> _TASK REQUIREMENTS_
In your copy, each line below is repeated exactly and no image appears.

> _RAW DATA_
====

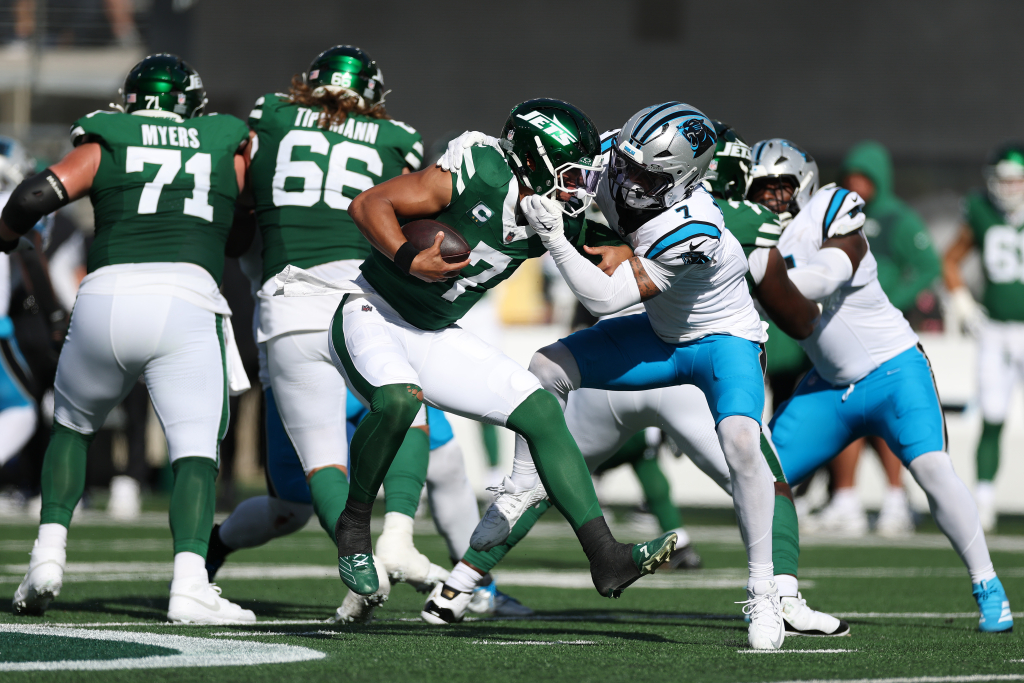 Justin Fields #7 of the New York Jets is sacked by Tre’Von Moehrig #7 of the Carolina Panthers during the second quarter in the game at MetLife Stadium on October 19, 2025 in East Rutherford, New Jersey. (Photo by Al Bello/Getty Images)
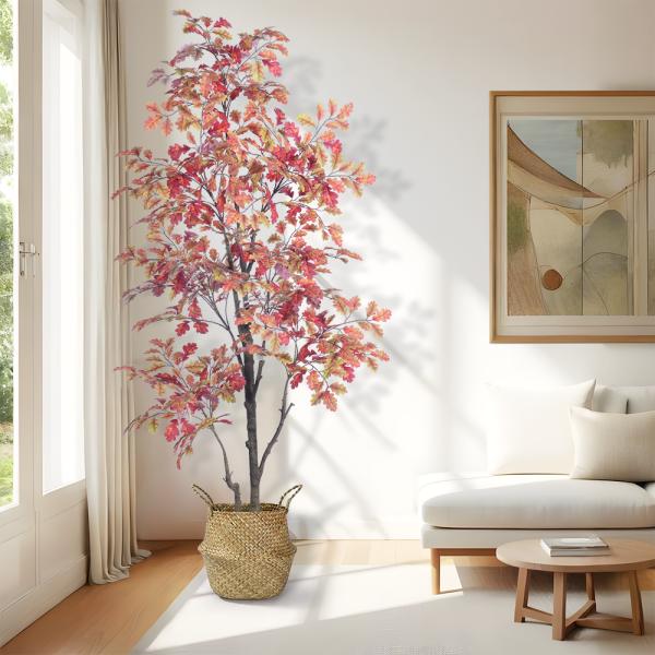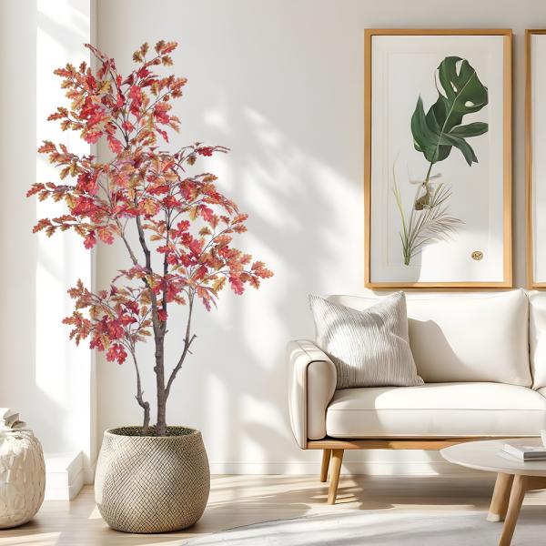 Stunning Autumn Colors Year-Round: This artificial oak tree features a beautiful blend of green, gold, orange, and burgundy leaves, perfectly capturing the warm and inviting essence of the autumn season without any leaf drop.
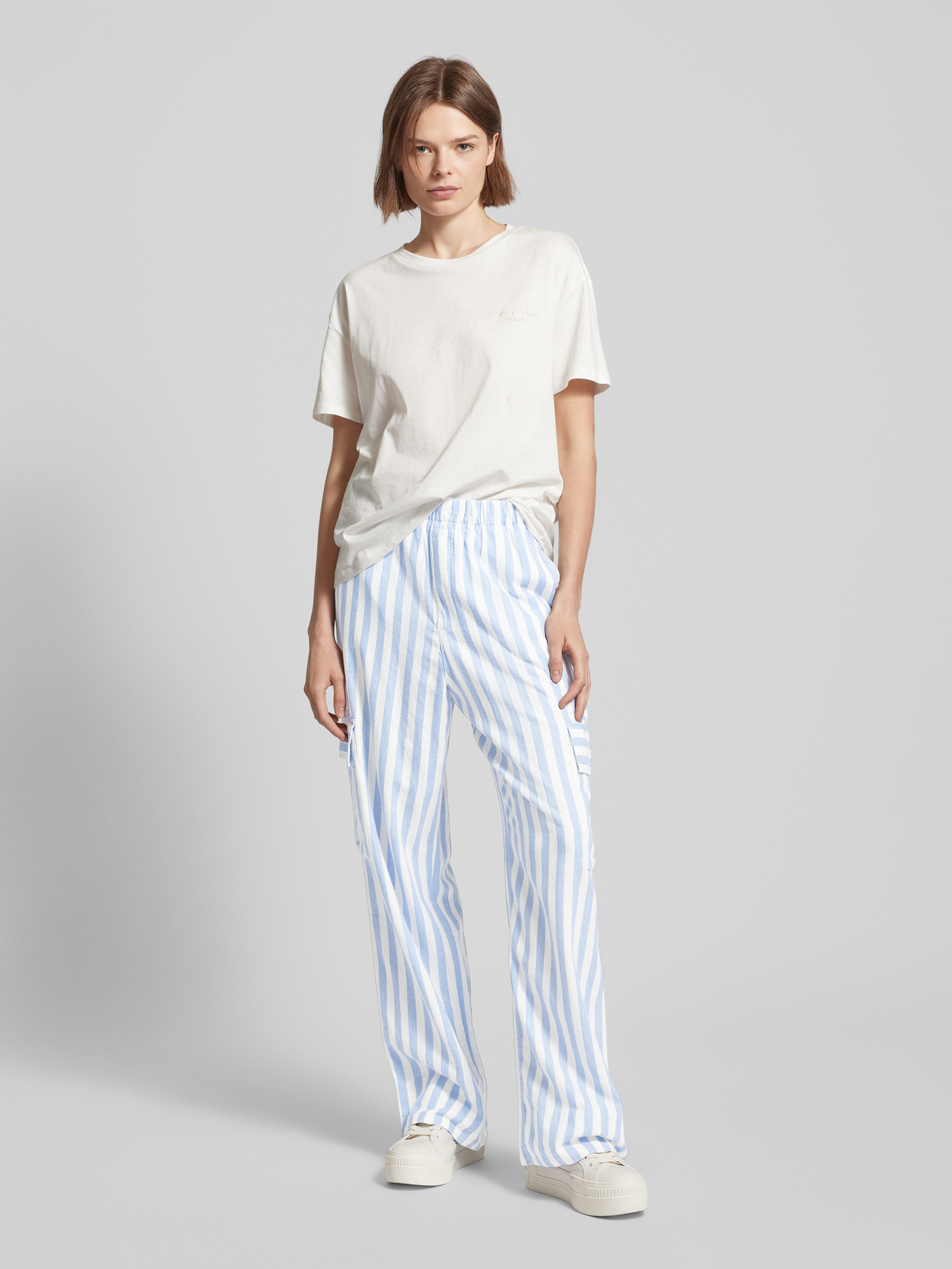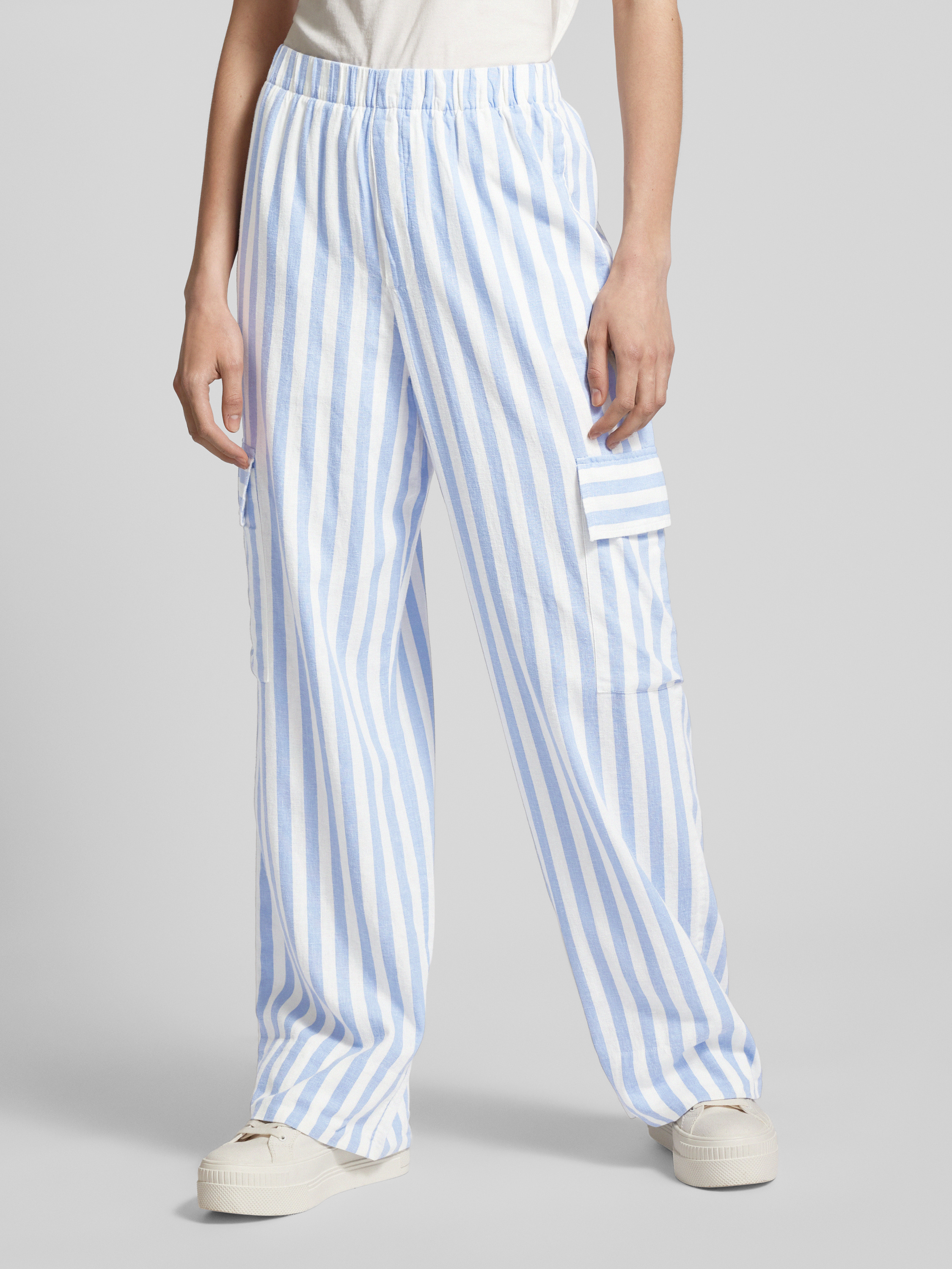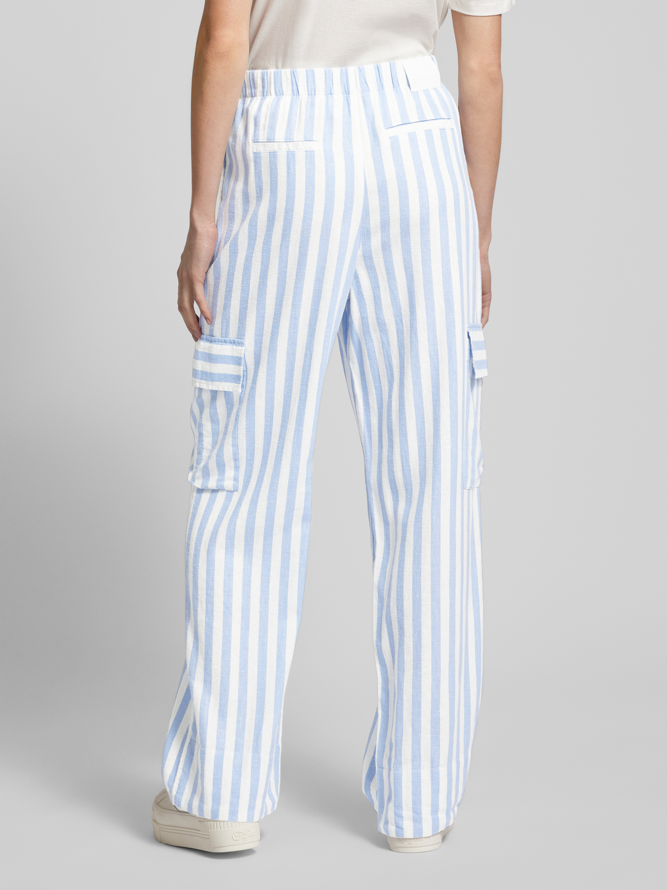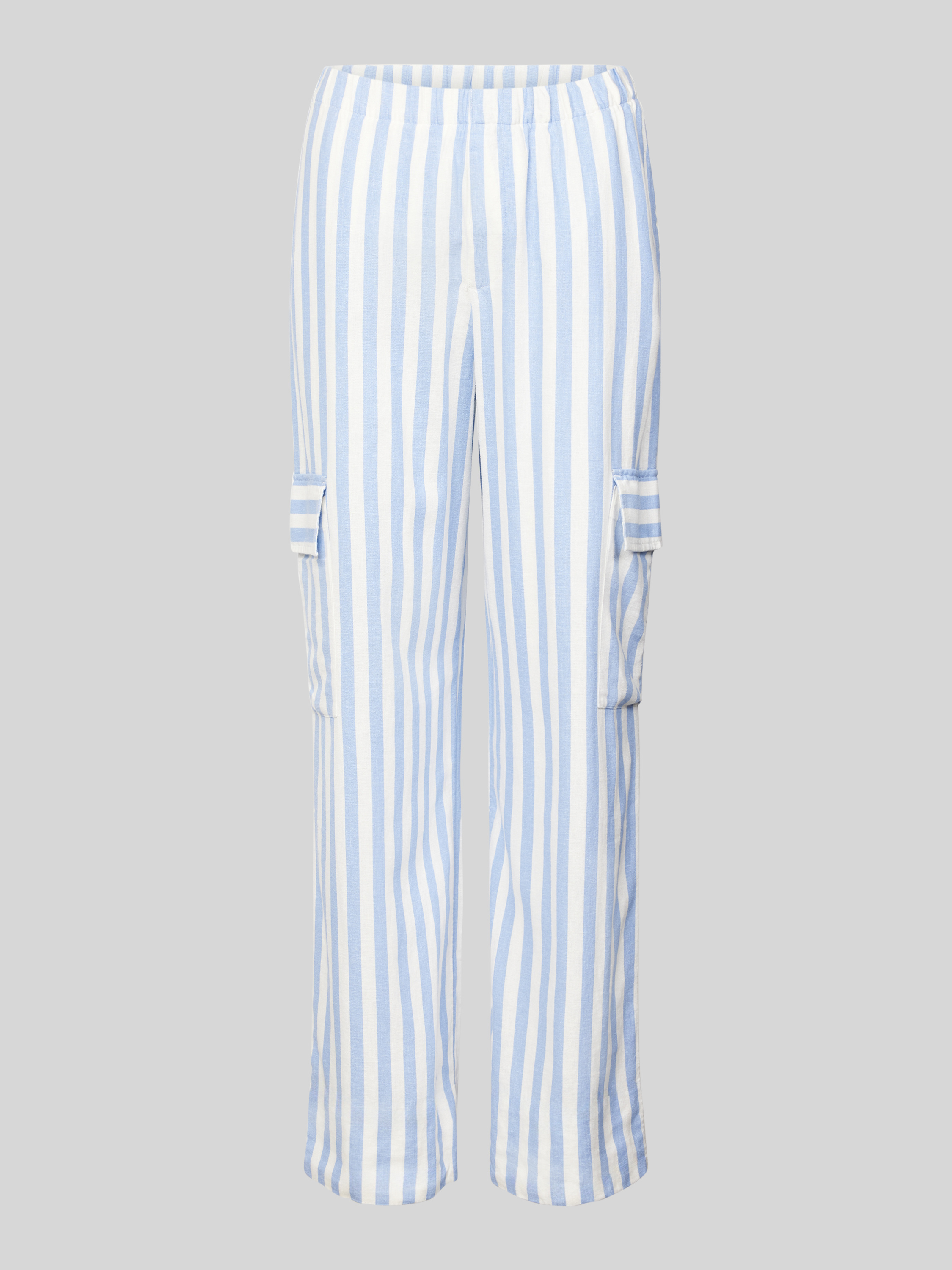 Regular fit linnen broek met cargozakken in lichtblauw

====

> _FINISHED TASK_
 Justin Fields #7 of the New York Jets is sacked by Tre’Von Moehrig #7 of the Carolina Panthers during the second quarter in the game at MetLife Stadium on October 19, 2025 in East Rutherford, New Jersey. (Photo by Al Bello/Getty Images)
 Stunning Autumn Colors Year-Round: This artificial oak tree features a beautiful blend of green, gold, orange, and burgundy leaves, perfectly capturing the warm and inviting essence of the autumn season without any leaf drop.
 Regular fit linnen broek met cargozakken in lichtblauw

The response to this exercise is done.